El viejo Maynor, sin embargo, no estaba para festejos, muchachos.
—Qué pasó, Maynor —le dijimos—, por qué tan cabizbajo, viejo —con ese tono despreocupado de entonces—, la antología es un éxito, hombre.
—Es Juanrra, nos dijo. Ha desaparecido.
Nos enteramos de los detalles por las mezquinas noticias que preparaban los periódicos. Juanrra había salido de Lima con dirección al norte y después de siete días nadie daba razón de él. Nos reunimos esa misma noche, imprimimos imágenes de su rostro y las pegamos en las paredes en los alrededores de la universidad y en los postes de alumbrado público. Era todo lo que podíamos hacer y en efecto así lo hicimos, hasta que el invierno terminó y tuvimos que seguir con nuestras obligaciones, el trabajo del camión repartidor, la radio de Jerónimo que aullaba cumbias, las calles interminables de la ciudad.

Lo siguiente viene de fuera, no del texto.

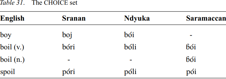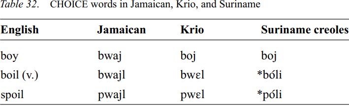 The CHOICE set of words, corresponding to ME /ɔi, ʊi/ , is represented in Suriname creoles by words derived from Early Modern English boy, boil (n.), boil (v.), and spoil. According to Dobson (1957) the /ɔi/ found in modern Standard English is derived from one ME variant, alternating in many words with /ʊi/ which later became /ai/ (< /´i/) in advanced pronunciation in EModE.
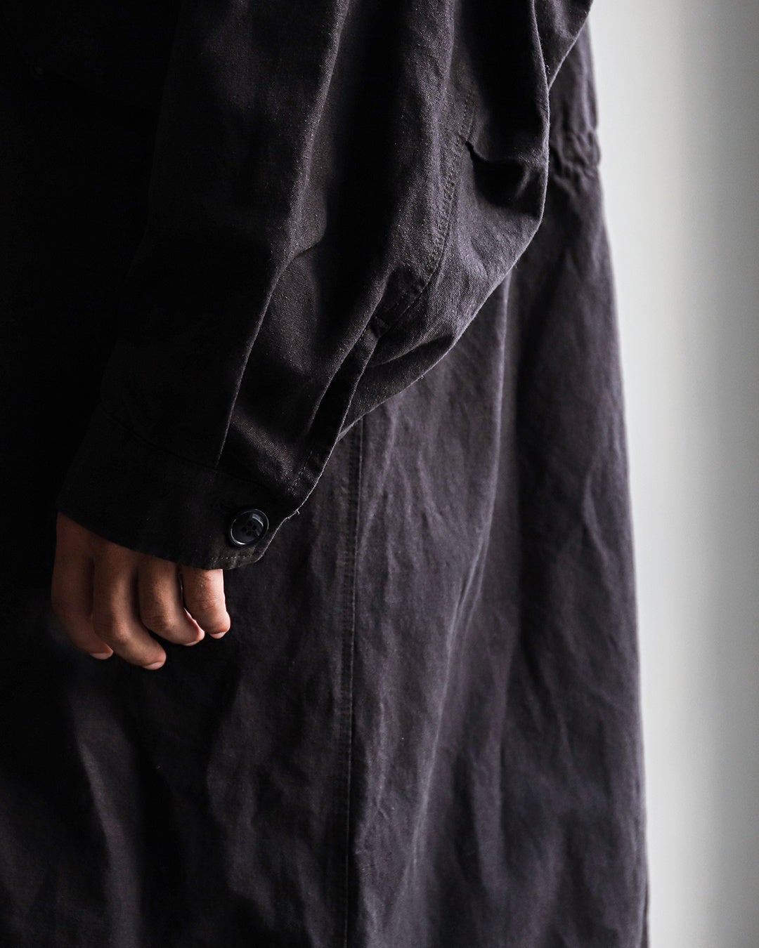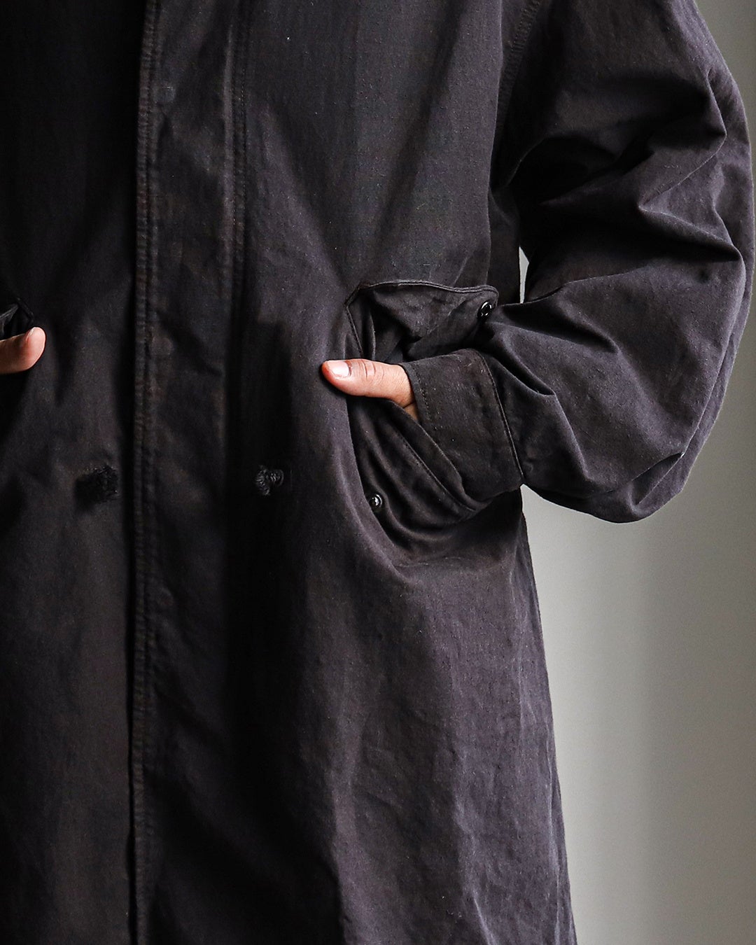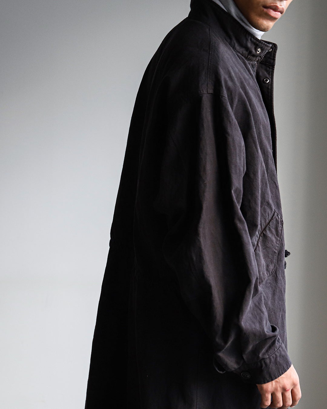 今回の新作モッズコートは、着古していくことで魅⼒が増すことを念頭に素材を選び、⾊は無機質な⿊で染めることで、時代の流れに左右されず着続けられるアウターを⽬指しました。

Desde entonces, exacerbados por nuestro deseo de recuperarlo, lo vimos cada mañana cerca de la Plaza San Martín, sentado en su mesa de siempre, absorto en un libro y en su café, como una imagen entrañable, desgarrada y profunda.
—¿Qué es la poesía, Juanrra, la maldita poesía? Entonces lo oíamos decir, mientras nos marchábamos del Don Lucho, algo referente a la amistad o los amigos o tal vez era algo distinto; algo sobre las carreteras del norte, donde murió atropellado lleno de luz, una madrugada anónima, mientras nosotros, seguramente, hablamos de él con el candor con el que sólo puede hablarse de un padre o de un amigo perdido que ha vuelto de tierras lejanas después de mucho, mucho tiempo.